Records from a collection

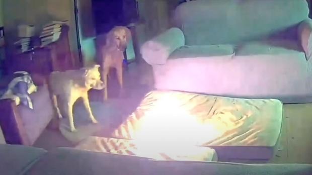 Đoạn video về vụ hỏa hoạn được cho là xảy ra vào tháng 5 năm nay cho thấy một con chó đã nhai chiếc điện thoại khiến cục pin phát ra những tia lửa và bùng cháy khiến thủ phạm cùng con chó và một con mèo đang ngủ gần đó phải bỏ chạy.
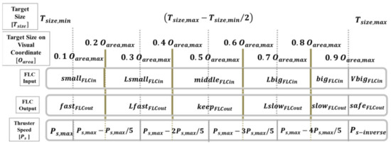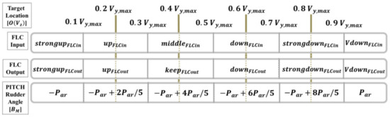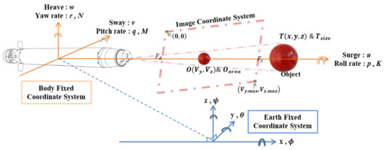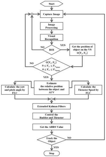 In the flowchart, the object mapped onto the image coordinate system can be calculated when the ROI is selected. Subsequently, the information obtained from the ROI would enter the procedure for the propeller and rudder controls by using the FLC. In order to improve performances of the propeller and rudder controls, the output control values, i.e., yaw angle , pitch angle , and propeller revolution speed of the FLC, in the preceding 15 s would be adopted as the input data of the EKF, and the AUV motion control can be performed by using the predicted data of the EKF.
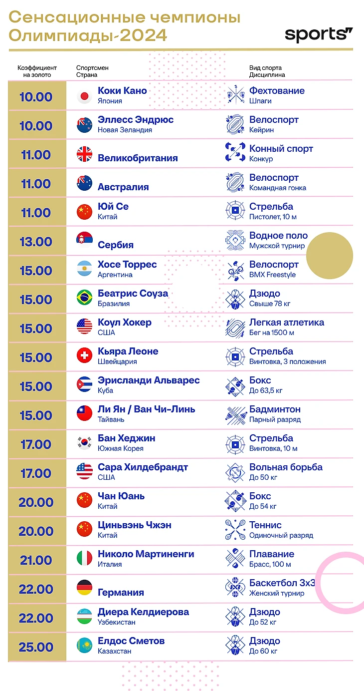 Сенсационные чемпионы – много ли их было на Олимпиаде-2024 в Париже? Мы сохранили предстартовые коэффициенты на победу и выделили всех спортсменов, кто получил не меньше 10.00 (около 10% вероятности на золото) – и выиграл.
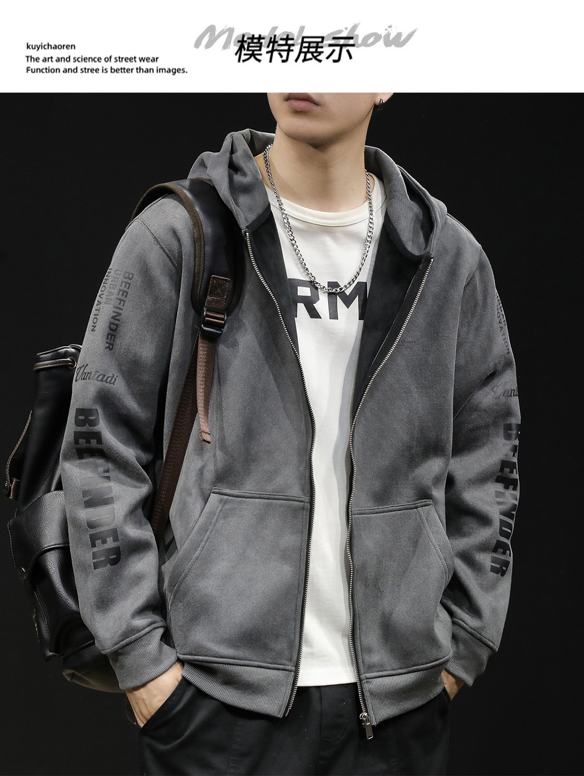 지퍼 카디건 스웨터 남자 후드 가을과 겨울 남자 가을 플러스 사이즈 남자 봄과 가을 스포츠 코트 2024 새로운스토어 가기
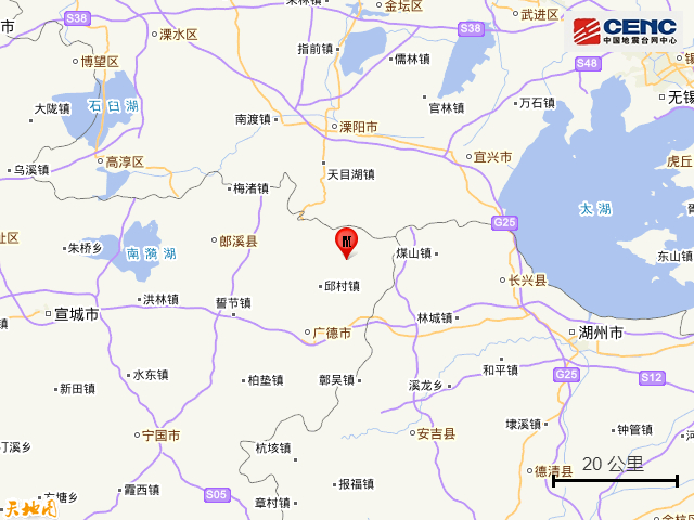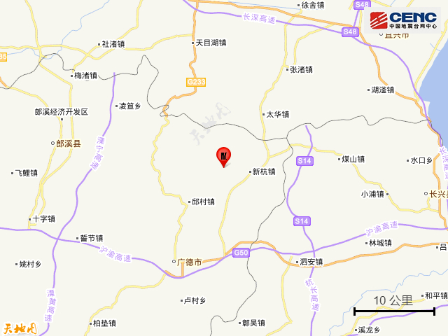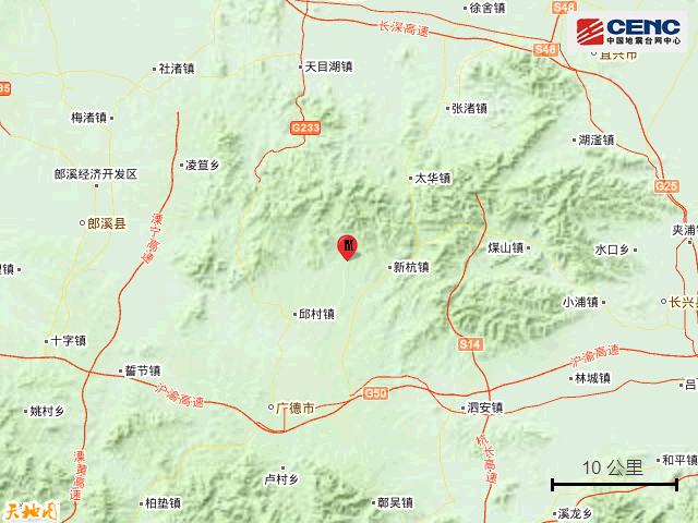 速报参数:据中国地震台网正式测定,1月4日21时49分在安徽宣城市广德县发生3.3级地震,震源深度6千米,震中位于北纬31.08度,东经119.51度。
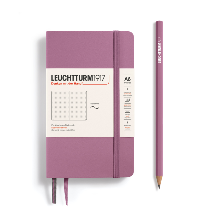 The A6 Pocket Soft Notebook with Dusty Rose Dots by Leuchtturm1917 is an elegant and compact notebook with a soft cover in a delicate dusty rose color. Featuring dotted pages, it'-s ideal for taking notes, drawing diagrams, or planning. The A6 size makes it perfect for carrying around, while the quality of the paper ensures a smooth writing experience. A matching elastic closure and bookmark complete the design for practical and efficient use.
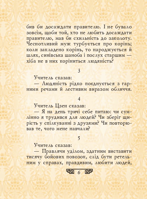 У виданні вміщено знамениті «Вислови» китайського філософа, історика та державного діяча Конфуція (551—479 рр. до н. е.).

Problem details —
Retype each entry exactly as it appears, excluding any image.

Output —
 Đoạn video về vụ hỏa hoạn được cho là xảy ra vào tháng 5 năm nay cho thấy một con chó đã nhai chiếc điện thoại khiến cục pin phát ra những tia lửa và bùng cháy khiến thủ phạm cùng con chó và một con mèo đang ngủ gần đó phải bỏ chạy.
 In the flowchart, the object mapped onto the image coordinate system can be calculated when the ROI is selected. Subsequently, the information obtained from the ROI would enter the procedure for the propeller and rudder controls by using the FLC. In order to improve performances of the propeller and rudder controls, the output control values, i.e., yaw angle , pitch angle , and propeller revolution speed of the FLC, in the preceding 15 s would be adopted as the input data of the EKF, and the AUV motion control can be performed by using the predicted data of the EKF.
 Сенсационные чемпионы – много ли их было на Олимпиаде-2024 в Париже? Мы сохранили предстартовые коэффициенты на победу и выделили всех спортсменов, кто получил не меньше 10.00 (около 10% вероятности на золото) – и выиграл.
 지퍼 카디건 스웨터 남자 후드 가을과 겨울 남자 가을 플러스 사이즈 남자 봄과 가을 스포츠 코트 2024 새로운스토어 가기
 速报参数:据中国地震台网正式测定,1月4日21时49分在安徽宣城市广德县发生3.3级地震,震源深度6千米,震中位于北纬31.08度,东经119.51度。
 The A6 Pocket Soft Notebook with Dusty Rose Dots by Leuchtturm1917 is an elegant and compact notebook with a soft cover in a delicate dusty rose color. Featuring dotted pages, it'-s ideal for taking notes, drawing diagrams, or planning. The A6 size makes it perfect for carrying around, while the quality of the paper ensures a smooth writing experience. A matching elastic closure and bookmark complete the design for practical and efficient use.
 У виданні вміщено знамениті «Вислови» китайського філософа, історика та державного діяча Конфуція (551—479 рр. до н. е.).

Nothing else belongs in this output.